Wednesday, March 25, 2009

My Random Walk

Taiwan’s february export orders continued to contract in year-on-year terms, but the extent of contraction has eased compared to -41.7% in Jan09. Aside from the base effects resulting from Chinese New Year, there has been news that electronics industry received rush orders since last month, due to the restocking needs of downstream clients, and reviving demand from China due to Chinese government’s promotion of a home appliance subsidy program in rural regions. Manufacturers are under less pressure to cut industrial capacity, as they have cleared out some of the inventory overhang through drastic production reduction in the past several months, although inventories remain high if compared to the current shipment levels.
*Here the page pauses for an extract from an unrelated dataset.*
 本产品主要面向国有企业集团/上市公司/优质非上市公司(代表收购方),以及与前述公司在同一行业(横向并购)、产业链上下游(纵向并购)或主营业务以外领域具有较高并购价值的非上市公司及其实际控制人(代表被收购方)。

With effect from yesterday, the official trading band for USD/VND is wider at ±5% compared to ±3% previously. The decision to widen the band was announced by the Vietnamese government yesterday, one day after its economic growth estimate for 1Q09 to 3.1% from 4.0-4.5% previously. The last band widening occurred last
November - one month before the government devalued by 3% in December. The above developments affirm my view for the VND to depreciate against USD by another 4% this year to 18200 because of slower economic growth. Historically, there is a strong correlation between the annual depreciation pace of the VND and real GDP growth in Vietnam.
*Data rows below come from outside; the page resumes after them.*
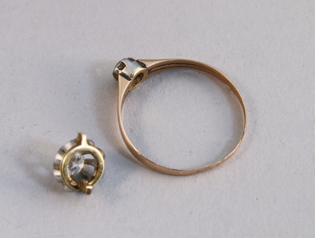 JOINT : BAGUE solitaire en or et platine sertie d'un petit diamant ancienne d'environ 0,15 carat.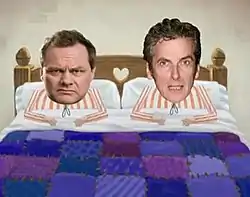 ![]() A screenshot of an online trailer for The News at Bedtime featuring Jack Dee (left) as John Tweedledum and Peter Capaldi (right) as Jim Tweedledee. | |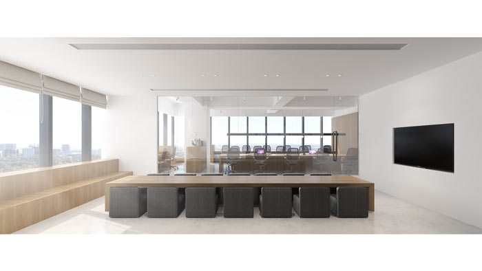商貿公司辦公室會議室設計:高坐有高坐的優勢、低坐有低坐的優勢,在這里設計師接受了客戶的需求,將座位、座椅定制成低坐的模式,目的就是希望讓員工發現不一樣的世界。

Changes in the local currency government bond auction calendar released by Bank Negara Malaysia on March 20 have been positive for the MGS market. The government is scrapping 10Y and 20Y auctions and moving supply to the front end of the yield curve in response to sharply higher yields at the long-end and in anticipation that funding its stimulus package will be easier with shorter-dated bonds than longer-dated bonds. At this point demand remains a big question mark and long-end yields could rise again. I continue to prefer long positions at the front end of the MGS curve. The 3Y MGS yield, because of supply concerns, is trading way above what I would consider a fair-value range.

Last but not least, house prices in Dubai dropped 19.1% in 4Q2008 as investors pulled out of an over-supplied market, according to a new survey published on Monday, but overall values climbed 10.8 percent last year. Just under 50 percent of the 55 locations surveyed across the world recorded positive price growth on an annual basis in 2008, according to the 2009 UK property adviser’s Knight Frank/Citi Private Bank Wealth Report.